The town council made it clear, empty houses caused economic blight. Lauren thought it went the other way around, but you couldn’t bulldoze economic blight, so the houses got the short end of the stick. She looked up at the lumbering Victorian. Gingerbread work proudly ringed three stories, a stain glass window crowned the top. It could be gorgeous if someone cared, bought for a pittance, made beautiful. Instead it would be bull dozed, returned to green space, all in line with the new edicts.
The front door stuck until she put her shoulder into it. She expected a dark interior, something with dust swirling in motes of sunlight. The space wasn’t bad though, almost lived in, or alive really, with bright wood work and three fire places downstairs. She found herself thinking about it, considering what she would do with the space. No matter, the bull dozers would come as soon as she scheduled them.
The yip came when she inspected the third bedroom. The kind of yip she’d cursed once, a noise so clearly associated with sleepless nights. Puppyhood. Why did anyone think it was so great? But then her eyes stung, because Baxter, Baxter had always been great even when he was a garbage eating trash dog. Baxter, she blinked away the tears. The yip sounded exactly like Baxter.
It came again, and again, until she couldn’t just call herself insane and go on with the final inspection. She found herself downstairs, then upstairs again. Baxter yipping coming from everywhere and made by nothing. She remembered him, every detail of his golden fur and dark brown eyes. The yips brought his puppyhood though, not his older years, the arthric hips, the slow still-eager wag of his tail.
They were in the front parlor room, the square of space empty except a broken down red couch and them. She saw the first one and knelt down. “Bax?”
The puppy looked up at her, almost sleepy, but then sprang up, ran to her, golden retriever ears flopping around the couch. She fell almost, plopped down on her butt and scooped him up, this Baxter-puppy-that-couldn’t-be. He licked her face like Baxter, wiggled and climbed over her.

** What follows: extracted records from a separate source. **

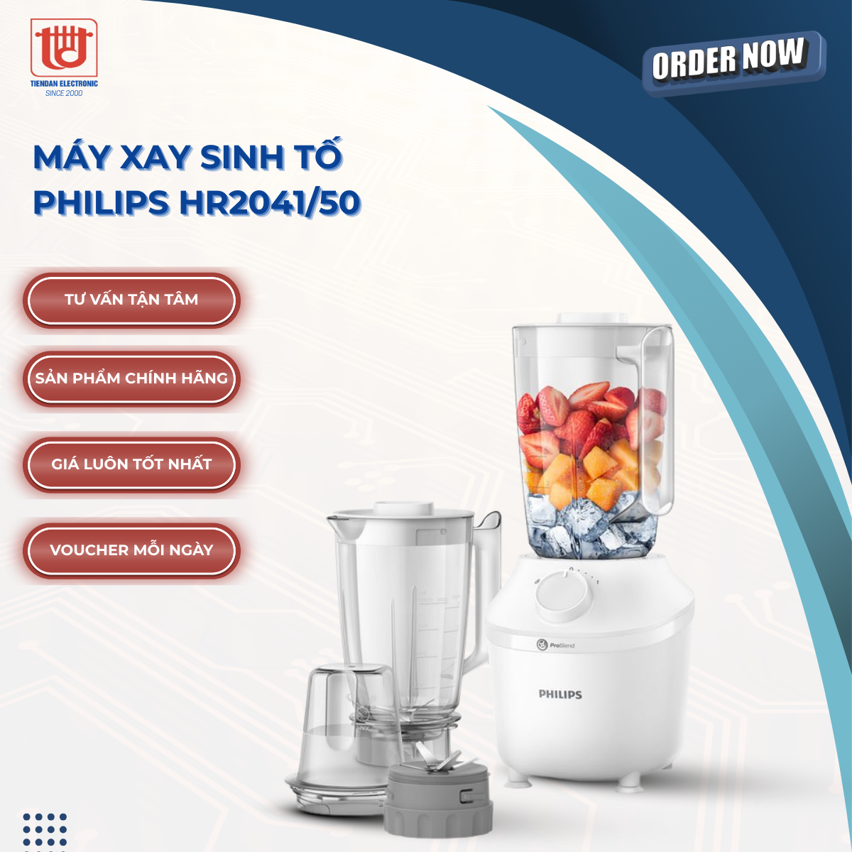Máy xay sinh tố Philips HR2041/50 màu sắc nhã nhặn, kiểu dáng hiện đại, công suất lớn cùng công nghệ ProBlend hỗ trợ xay đá viên tiện lợi, 2 cối xay lớn đáp ứng tốt nhu cầu sử dụng cá nhân hoặc gia đình.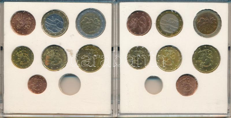 Finland 1999-2000. 1 Cent - 2 Euro (14x) incomplete coin sets C:AU,XF patina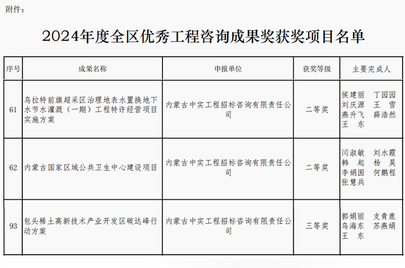 2025-04-1610544 次2025年4月16日,内蒙古工程咨询协会公布了2024年度优秀咨询成果奖获奖单位名单,我司取得两个二等奖和一个三等奖,我司专业能力和服务质量再次获得行业的认可。此次获奖,不仅体…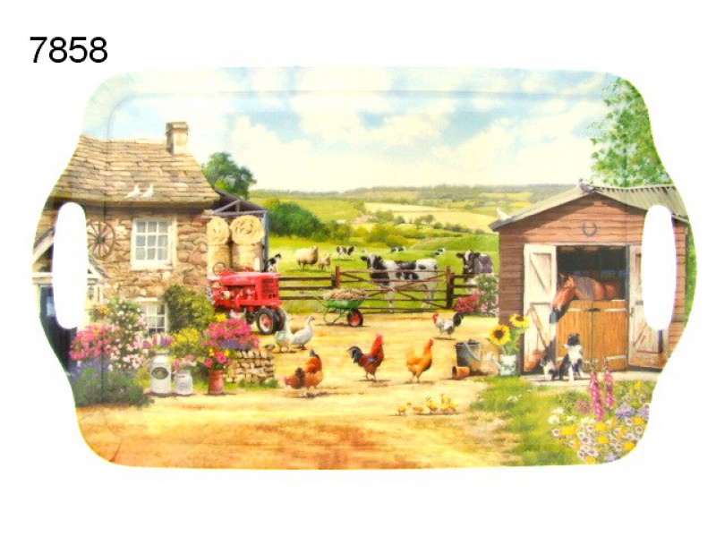 Groot dienblad ‘boerderij’. Afwasbaar.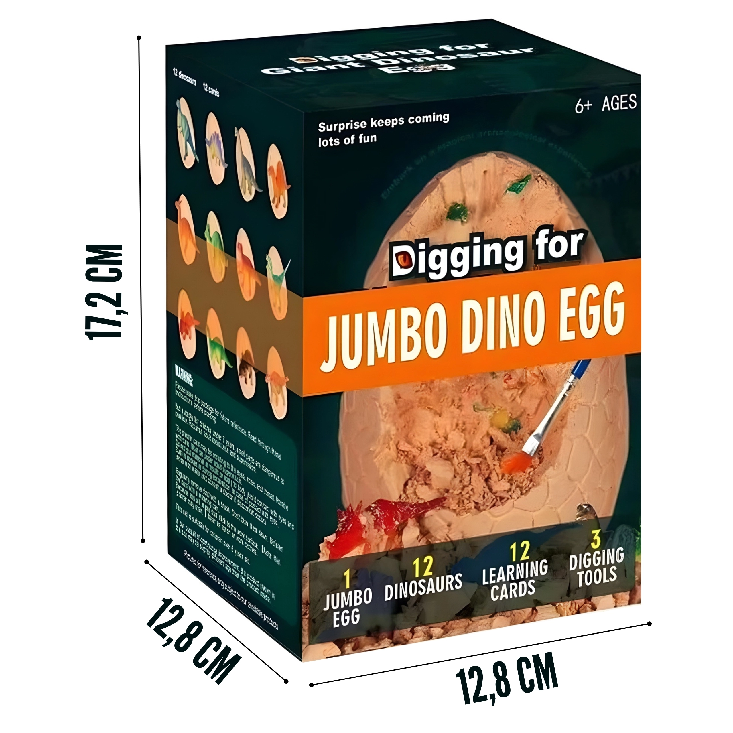 W opakowaniu znajdziesz wszystko, czego potrzeba: mały młoteczek, dłuto i pędzelek do bezpiecznego odkrywania, a także 12 kart z opisem dinozaurów dla łatwiejszej nauki. Świetny pomysł na prezent i aktywność do wspólnej rodzinnej zabawy oraz grania z przyjaciółmi.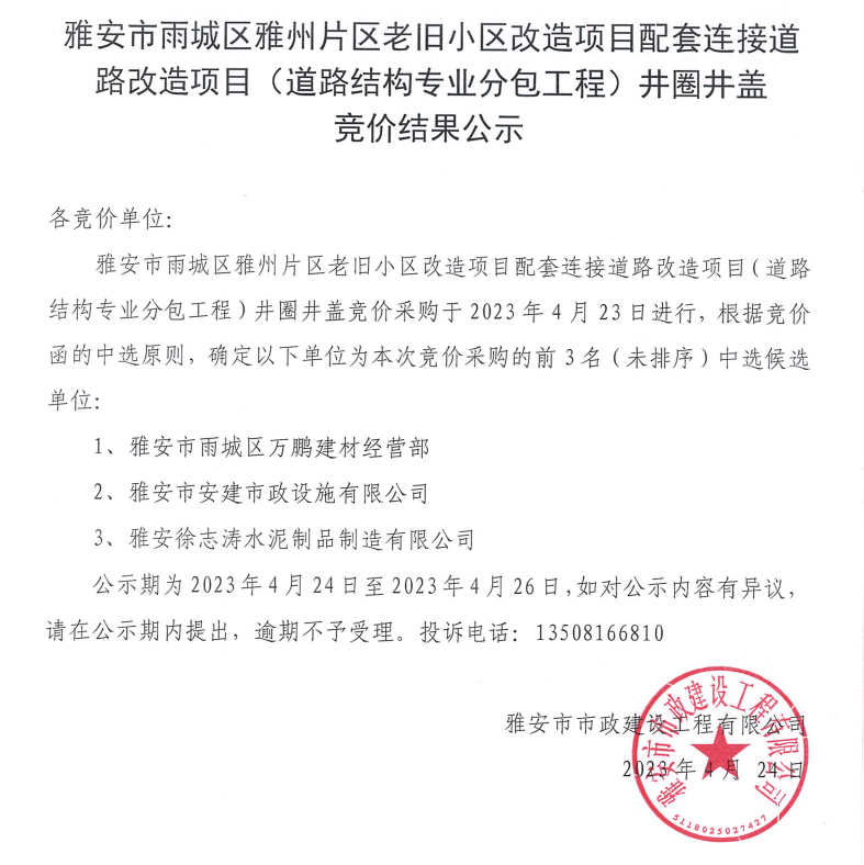 雅安市雨城區(qū)雅州片區(qū)老舊小區(qū)改造項(xiàng)目配套連接道路改造項(xiàng)目(道路結(jié)構(gòu)專業(yè)分包工程)井圈井蓋競價(jià)結(jié)果公示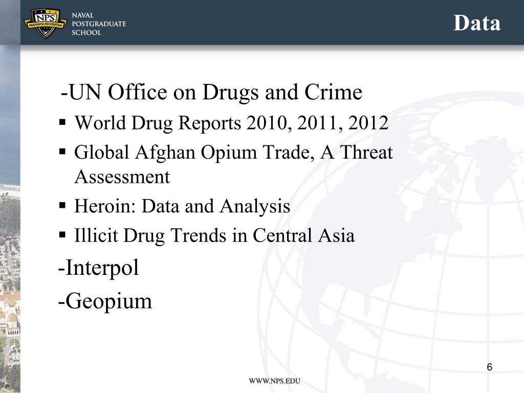 Data -UN Office on Drugs and Crime • World Drug Reports 2010, 2011, 2012 • Global Afghan Opium Trade, A Threat Assessment • Heroin: Data and Analysis • Illicit Drug Trends in Central Asia -Interpol -Geopium P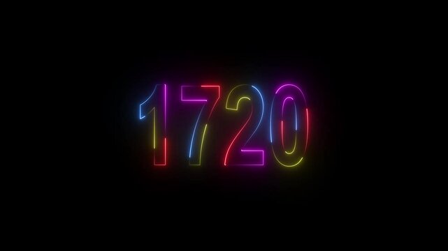 1720 Glowing Neon Line Text Animation, Powerful Abstract Neon Number Design in Stunning 4K Highlighting the Iconic and Important Year important date 1720.
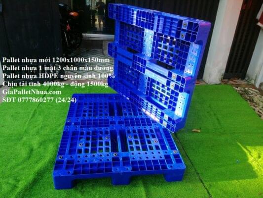 - Pallet nhựa một mặt tải nặng mới kích thước 1200x1000x150mm 3 chân màu xanh dương hiện tại có giá bán lẻ số lượng dưới 5 cái áp dụng giá đã niêm yết tại website GiaPalletNhua.com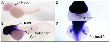 Fig. s1 Figure S1. Tissue-specific expression of gatad1 transcripts was revealed by in situ hybridization in 2 dpf zebrafish embryos. Short-time stain only revealed head expression of gatad1 (A), but long time stain show gatad1 expression in gut, notochord, heart and pectoral fin (B–D).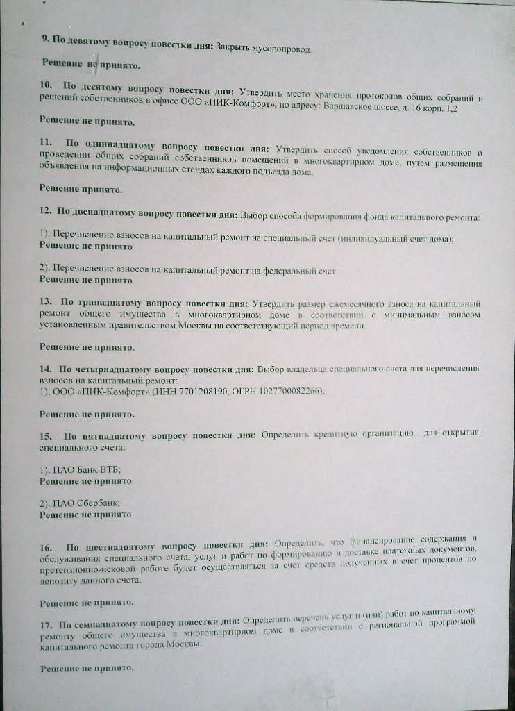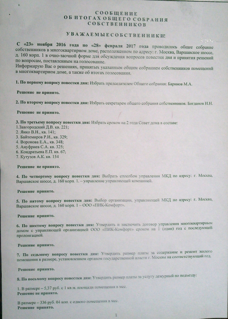 А вот и сообщение, а должен быть протокол, правда по вопросам № 4; 5; 6; 7; 8 ООО "ПИК-Комфорт" не учел решения кто голосовал против, в Мосжилинспекцию документы для проверки не представил, договора управления МКД не заключает, им это не нужно. В общем ООО "ПИК-Комфорт" в своем репертуаре, занимается самоуправством (беспределом), при чем при поддержке (бездействии) надзорных органов и чиновников.
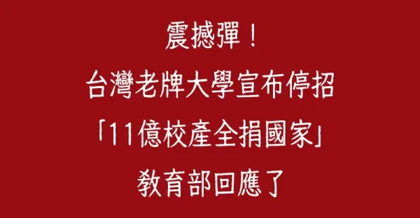 震撼彈!台灣老牌大學宣布停招「11億校產全捐國家」 教育部回應了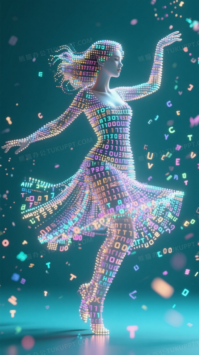 本作品内容为3D高精细建模用密集的相互连接的极其微小的ascii字符光点随机的流动融合成跳舞的美女, 格式为 jpg, 大小1 MB, 图片尺寸为936 x 1664, 源文件无水印, 欢迎使用熊猫办公。 如认为平台内容涉嫌侵权,可通过邮件:tousu@tukuppt.com提出书面通知,我们将及时处理。

Baxter as a puppy. Her heart filled with joy and pain, gladness at this stolen moment. She’d missed him and what he stood for, more than she realized.
And then another yip, and there were more of them. Seven in the end. A litter. She couldn’t leave them to the bulldozers. She could barely leave the room. So much love, so many memories. A room of seven Baxters. She found an empty box, filled it with them. After longer than she cared to admit they all went in the car, then back to her office.
Where they disappeared. Some one took them from the box and she fumed about it. Angry. Cursed the world. She could go buy a puppy, sure. Buy seven of them. But they wouldn’t yip like Baxter. She took her bitterness out on the house. Had her assistant do the final inspection that afternoon.
He came back almost manic with glee, talking about papers, forms. The builder he said, over and over again, as if she would understand. They filled him with coffee, made him slow down. He’d found plans. Dozens of them, upstairs in a drawer. The architect was famous, the house couldn’t be bulldozed. He’d dreamed of finding a hidden gem like this.
But the forms, the papers, where were they? Stolen from his car. But he’d find them again. The bull dozers couldn’t come.
Dispatched an intern, a quick young thing. She came back faster, her eyes red from tears. Just like her grandmother’s house. No, no papers, no forms, no sign of that. But the rooms all smelled like her grandmother, like mint couch drops and hair oil. A bowl of M&Ms on the mantel of the fireplace, red and green ones so it would always be Christmas, she said with chocolate in her teeth. The intern got the price out of the computer, the details on the back taxes. Less than most down payments, but more than the girl could afford. Then the tears came, they couldn’t bulldoze her grandmother’s house.
Clever house, Lindsey thought, catching on to its scheme. She drove in the setting sun, stood out front. You always thought of it the other way ‘round, of people haunting houses, not houses haunting people. She walked up the front porch, put her hand on the wood, feeling the warmth. From the sun maybe, caught all day, or maybe from something else, the beating heart of place. Baxter had been more than a dog, in the end, he had a soul somehow, he was Real. Could a house do the same?
Inside a comforting yip greeted her back. “You’re smart,” she told her house, and opened the door to find the golden retriever pup, a bright blue welcome home ribbon tied on his neck.